--- ACTIVITY ---
Report each line of the entries that contains the word "with", copied in full.

[DATA FOR THE TASK — start]

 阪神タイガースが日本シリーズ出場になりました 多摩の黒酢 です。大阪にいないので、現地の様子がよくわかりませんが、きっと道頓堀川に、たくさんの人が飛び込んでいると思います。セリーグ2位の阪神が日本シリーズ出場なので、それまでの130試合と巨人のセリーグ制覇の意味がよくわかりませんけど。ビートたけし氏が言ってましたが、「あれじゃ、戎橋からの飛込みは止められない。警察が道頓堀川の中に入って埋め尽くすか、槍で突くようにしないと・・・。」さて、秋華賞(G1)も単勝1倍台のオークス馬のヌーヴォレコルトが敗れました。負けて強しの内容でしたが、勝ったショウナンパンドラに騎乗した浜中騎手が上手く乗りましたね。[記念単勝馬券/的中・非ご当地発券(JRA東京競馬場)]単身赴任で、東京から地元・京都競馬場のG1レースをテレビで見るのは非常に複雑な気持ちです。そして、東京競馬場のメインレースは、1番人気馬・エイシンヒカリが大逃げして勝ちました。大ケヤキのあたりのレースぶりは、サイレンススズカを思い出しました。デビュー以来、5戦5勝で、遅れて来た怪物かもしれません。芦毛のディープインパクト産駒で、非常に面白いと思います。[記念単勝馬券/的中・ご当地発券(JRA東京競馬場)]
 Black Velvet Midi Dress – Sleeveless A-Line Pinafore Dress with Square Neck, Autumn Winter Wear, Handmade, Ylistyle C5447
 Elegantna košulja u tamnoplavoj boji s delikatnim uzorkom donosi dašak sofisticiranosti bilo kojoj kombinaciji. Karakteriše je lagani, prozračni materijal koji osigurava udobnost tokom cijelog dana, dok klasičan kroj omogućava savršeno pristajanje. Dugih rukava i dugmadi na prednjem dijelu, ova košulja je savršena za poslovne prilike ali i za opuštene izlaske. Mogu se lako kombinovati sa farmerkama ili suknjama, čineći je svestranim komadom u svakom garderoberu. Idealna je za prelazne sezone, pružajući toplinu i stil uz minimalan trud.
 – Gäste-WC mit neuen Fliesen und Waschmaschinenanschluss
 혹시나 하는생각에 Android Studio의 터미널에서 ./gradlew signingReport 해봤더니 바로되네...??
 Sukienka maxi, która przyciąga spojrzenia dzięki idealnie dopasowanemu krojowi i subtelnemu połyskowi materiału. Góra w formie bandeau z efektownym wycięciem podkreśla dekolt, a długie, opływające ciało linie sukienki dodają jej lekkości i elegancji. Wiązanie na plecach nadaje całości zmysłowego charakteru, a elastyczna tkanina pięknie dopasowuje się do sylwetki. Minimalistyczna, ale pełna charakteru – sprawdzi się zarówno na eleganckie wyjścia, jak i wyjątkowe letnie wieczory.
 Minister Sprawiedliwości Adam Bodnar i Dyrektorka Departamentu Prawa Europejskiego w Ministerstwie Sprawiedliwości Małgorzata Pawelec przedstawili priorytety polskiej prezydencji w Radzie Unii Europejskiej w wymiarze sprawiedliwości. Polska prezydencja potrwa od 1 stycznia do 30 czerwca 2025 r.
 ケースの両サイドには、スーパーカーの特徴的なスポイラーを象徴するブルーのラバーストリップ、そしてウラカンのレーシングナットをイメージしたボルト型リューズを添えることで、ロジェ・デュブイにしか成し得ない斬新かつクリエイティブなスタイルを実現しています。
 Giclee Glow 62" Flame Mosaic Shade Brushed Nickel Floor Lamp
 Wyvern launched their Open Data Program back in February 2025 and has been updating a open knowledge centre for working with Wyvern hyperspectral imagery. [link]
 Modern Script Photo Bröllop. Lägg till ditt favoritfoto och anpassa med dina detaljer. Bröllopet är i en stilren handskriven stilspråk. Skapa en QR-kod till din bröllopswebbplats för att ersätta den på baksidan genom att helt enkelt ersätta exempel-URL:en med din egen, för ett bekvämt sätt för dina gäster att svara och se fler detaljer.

[DATA FOR THE TASK — finish]

--- EXERCISE OUTPUT ---
 Black Velvet Midi Dress – Sleeveless A-Line Pinafore Dress with Square Neck, Autumn Winter Wear, Handmade, Ylistyle C5447
 Wyvern launched their Open Data Program back in February 2025 and has been updating a open knowledge centre for working with Wyvern hyperspectral imagery. [link]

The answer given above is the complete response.